«Спекулянтка, – глотая слюну, со злобой подумала Сашенька, – наворовала каракулей».
В тот момент, когда женщина была уже близко, крестьянин сделал легкое движение задом, даже не оборачиваясь. Женщину унесло далеко от полки, за спины других посетителей и ударило о стену. Перетянутая ленточками корзинка, которую женщина краешком уже успела поставить на полку, сорвалась, под ноги толпящихся потекло молоко, и женщина нырнула вниз, пачкая каракуль о кирзовые сапоги.
«Так и надо, – с радостной злобой подумала Сашенька, – спекулянтка проклятая…»

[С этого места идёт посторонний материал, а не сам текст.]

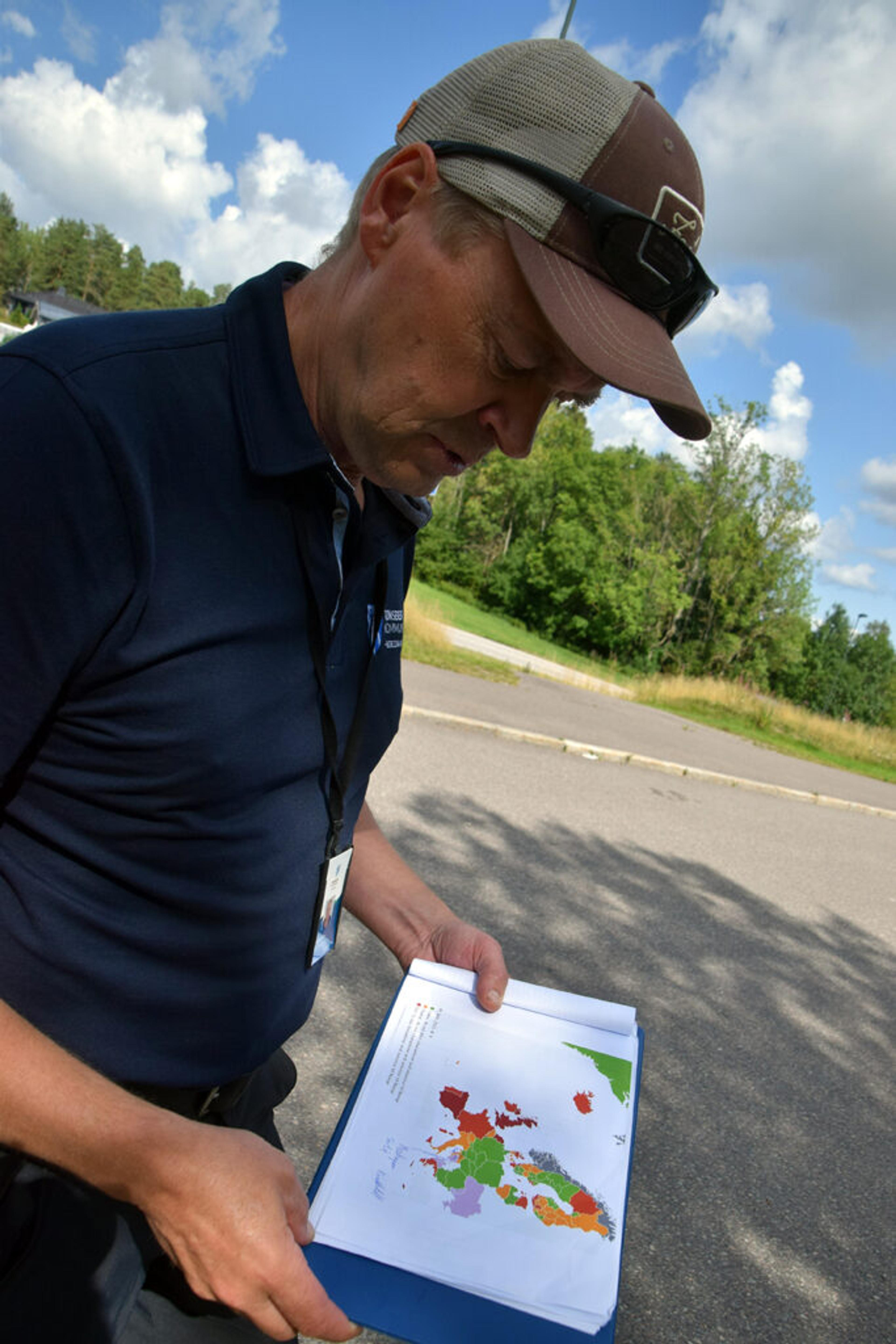 FARGEKART: Hans Petter Gulliksen skal ha oversikt over forskrifter og ikke minst det til enhver tid gjeldende fargekartet som oppdateres hver mandag. Da teller det hvor og når man har reist, og om man er vaksinert eller ikke. Foto: Stian Ormestad.

– Что такое, – сказал дежурный, поднимая голову. – Я предупреждал – прекращу прием передач… Ну и народ… Степанец, – сказал он весело, заметив какую-то старушку и конце очереди, – ты опять здесь…
– Здесь, хозяин, – прошамкала маленькая старушка, кланяясь.
Она была поверх кацавейки накрест перетянута тремя платками, выглядывавшими один из-под другого. Ноги ее поверх валенок перевязаны были вокруг ступней тряпками, из которых выбивалась солома.
– Тебе ведь сказано неоднократно, Степанец, – терпеливо и настойчиво говорил дежурный. – Сыну твоему передачи приниматься не будут… Он виновен в тягчайших преступлениях… В массовых убийствах советских граждан, понимаешь… Его народ судить будет…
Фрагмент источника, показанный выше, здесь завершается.